ACTION ITEM :: No pictures, nothing altered: return the data below.

------ DATA ------

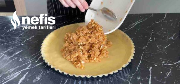 - Soğuyan elmalı harcı hamurun üzerine yayıp düzleştirelim.
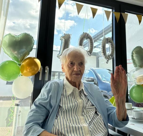 🥳🍾🥂Fit wie ein Turnschuh mit 100 Jahren - das ist unsere Waltraud heute; und so feiert sie auch wie "der Lump am Stecken" mit Angehörigen, Freundinnen im Seniorenhaus und den Menschen die täglich für sie da sind🥰
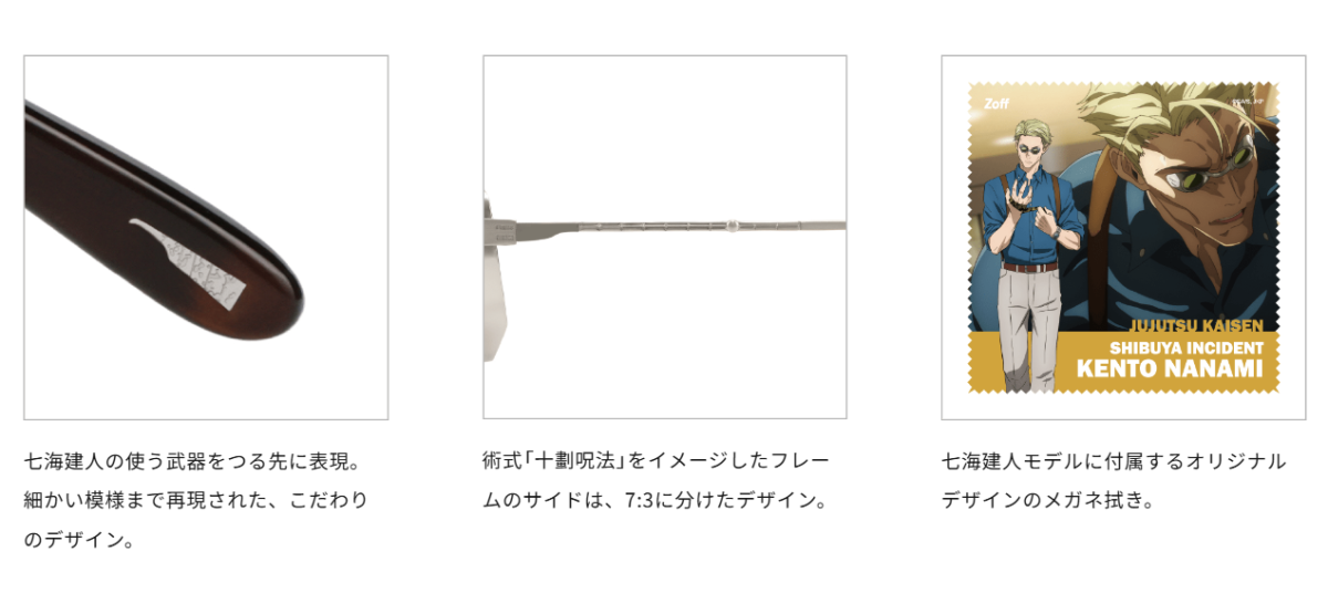 設計上以七海的眼鏡為靈感設計鏡框,黑色搭配琥珀色的漸層鏡腿有著像是七海的沉穩感,鏡腿兩側末端有七海的武器的圖案,鉸鏈處則配有七海「十劃咒法」的 7 : 3 設計。

------

COMPLETED EXERCISE ::
 - Soğuyan elmalı harcı hamurun üzerine yayıp düzleştirelim.
 🥳🍾🥂Fit wie ein Turnschuh mit 100 Jahren - das ist unsere Waltraud heute; und so feiert sie auch wie "der Lump am Stecken" mit Angehörigen, Freundinnen im Seniorenhaus und den Menschen die täglich für sie da sind🥰
 設計上以七海的眼鏡為靈感設計鏡框,黑色搭配琥珀色的漸層鏡腿有著像是七海的沉穩感,鏡腿兩側末端有七海的武器的圖案,鉸鏈處則配有七海「十劃咒法」的 7 : 3 設計。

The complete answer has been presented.